[MATERIAL SUPPLIED]

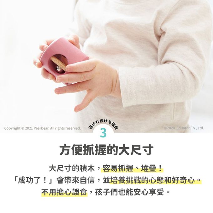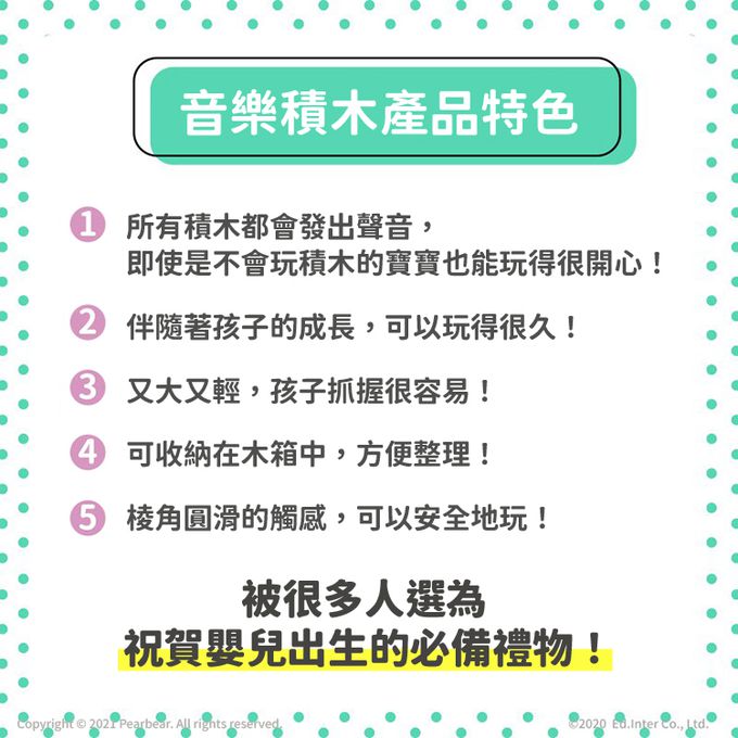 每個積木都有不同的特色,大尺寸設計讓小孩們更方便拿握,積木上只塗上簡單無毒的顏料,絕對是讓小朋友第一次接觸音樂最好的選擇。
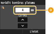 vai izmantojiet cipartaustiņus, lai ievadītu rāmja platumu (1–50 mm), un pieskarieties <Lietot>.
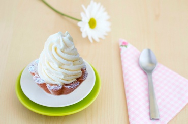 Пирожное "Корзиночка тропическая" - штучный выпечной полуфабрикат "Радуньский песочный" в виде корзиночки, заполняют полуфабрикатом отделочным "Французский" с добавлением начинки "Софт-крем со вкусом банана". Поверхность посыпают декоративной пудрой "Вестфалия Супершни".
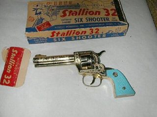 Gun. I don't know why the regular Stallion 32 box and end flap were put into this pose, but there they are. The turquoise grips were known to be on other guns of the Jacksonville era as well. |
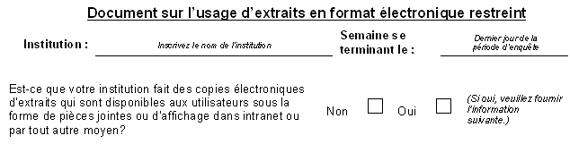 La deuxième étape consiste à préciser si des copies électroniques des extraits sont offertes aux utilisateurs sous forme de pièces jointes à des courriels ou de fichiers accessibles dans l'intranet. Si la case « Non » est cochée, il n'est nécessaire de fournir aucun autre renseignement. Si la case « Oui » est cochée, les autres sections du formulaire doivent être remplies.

[/MATERIAL SUPPLIED]
[MATERIAL SUPPLIED]

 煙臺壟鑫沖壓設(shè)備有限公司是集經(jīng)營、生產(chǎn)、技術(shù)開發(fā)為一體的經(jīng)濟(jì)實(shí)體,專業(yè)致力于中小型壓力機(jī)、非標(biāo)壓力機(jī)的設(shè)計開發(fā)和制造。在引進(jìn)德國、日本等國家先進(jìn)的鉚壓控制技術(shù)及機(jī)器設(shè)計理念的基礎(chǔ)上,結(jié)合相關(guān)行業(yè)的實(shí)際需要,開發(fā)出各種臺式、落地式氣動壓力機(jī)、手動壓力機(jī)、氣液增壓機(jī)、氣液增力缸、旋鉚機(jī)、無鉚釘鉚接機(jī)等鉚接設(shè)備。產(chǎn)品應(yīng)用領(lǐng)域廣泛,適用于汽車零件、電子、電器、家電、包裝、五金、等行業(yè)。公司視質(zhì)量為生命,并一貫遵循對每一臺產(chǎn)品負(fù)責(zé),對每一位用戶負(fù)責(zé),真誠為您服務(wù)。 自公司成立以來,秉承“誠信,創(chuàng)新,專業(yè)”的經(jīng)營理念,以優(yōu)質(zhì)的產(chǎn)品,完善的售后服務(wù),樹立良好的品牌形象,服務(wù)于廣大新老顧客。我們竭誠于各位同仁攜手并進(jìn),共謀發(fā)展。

[/MATERIAL SUPPLIED]
[MATERIAL SUPPLIED]

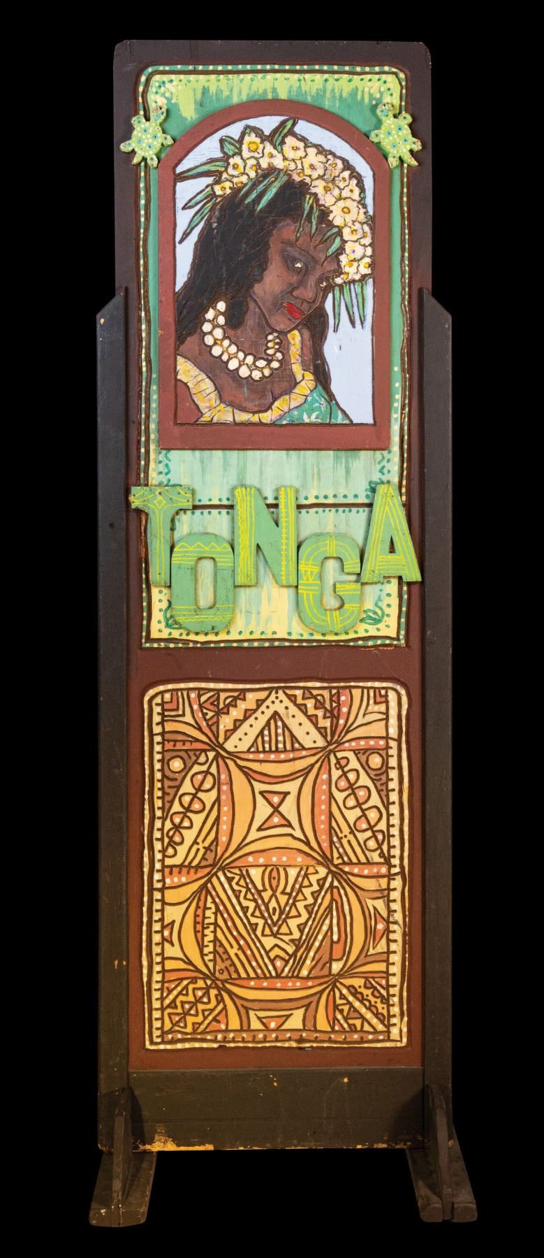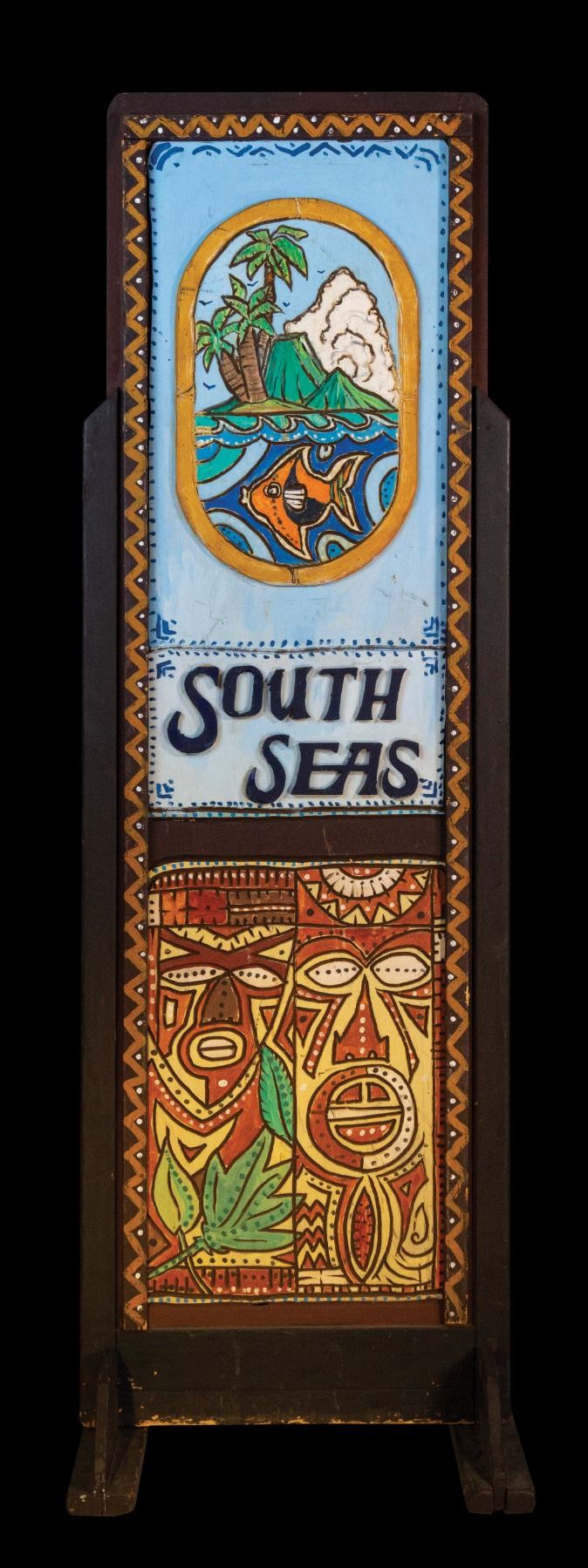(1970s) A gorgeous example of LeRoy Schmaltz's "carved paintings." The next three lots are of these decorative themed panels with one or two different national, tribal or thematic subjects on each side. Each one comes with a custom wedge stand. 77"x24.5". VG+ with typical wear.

[/MATERIAL SUPPLIED]

▶ YOUR GOAL:
What's needed is an exact copy of the records above from the line containing "每個積木都有不同的特色,大尺" down to the line containing "La deuxième étape", both included, without any pictures.

▶ COMPLETED EXERCISE:
 每個積木都有不同的特色,大尺寸設計讓小孩們更方便拿握,積木上只塗上簡單無毒的顏料,絕對是讓小朋友第一次接觸音樂最好的選擇。
 vai izmantojiet cipartaustiņus, lai ievadītu rāmja platumu (1–50 mm), un pieskarieties <Lietot>.
 Пирожное "Корзиночка тропическая" - штучный выпечной полуфабрикат "Радуньский песочный" в виде корзиночки, заполняют полуфабрикатом отделочным "Французский" с добавлением начинки "Софт-крем со вкусом банана". Поверхность посыпают декоративной пудрой "Вестфалия Супершни".
 Gun. I don't know why the regular Stallion 32 box and end flap were put into this pose, but there they are. The turquoise grips were known to be on other guns of the Jacksonville era as well. |
 La deuxième étape consiste à préciser si des copies électroniques des extraits sont offertes aux utilisateurs sous forme de pièces jointes à des courriels ou de fichiers accessibles dans l'intranet. Si la case « Non » est cochée, il n'est nécessaire de fournir aucun autre renseignement. Si la case « Oui » est cochée, les autres sections du formulaire doivent être remplies.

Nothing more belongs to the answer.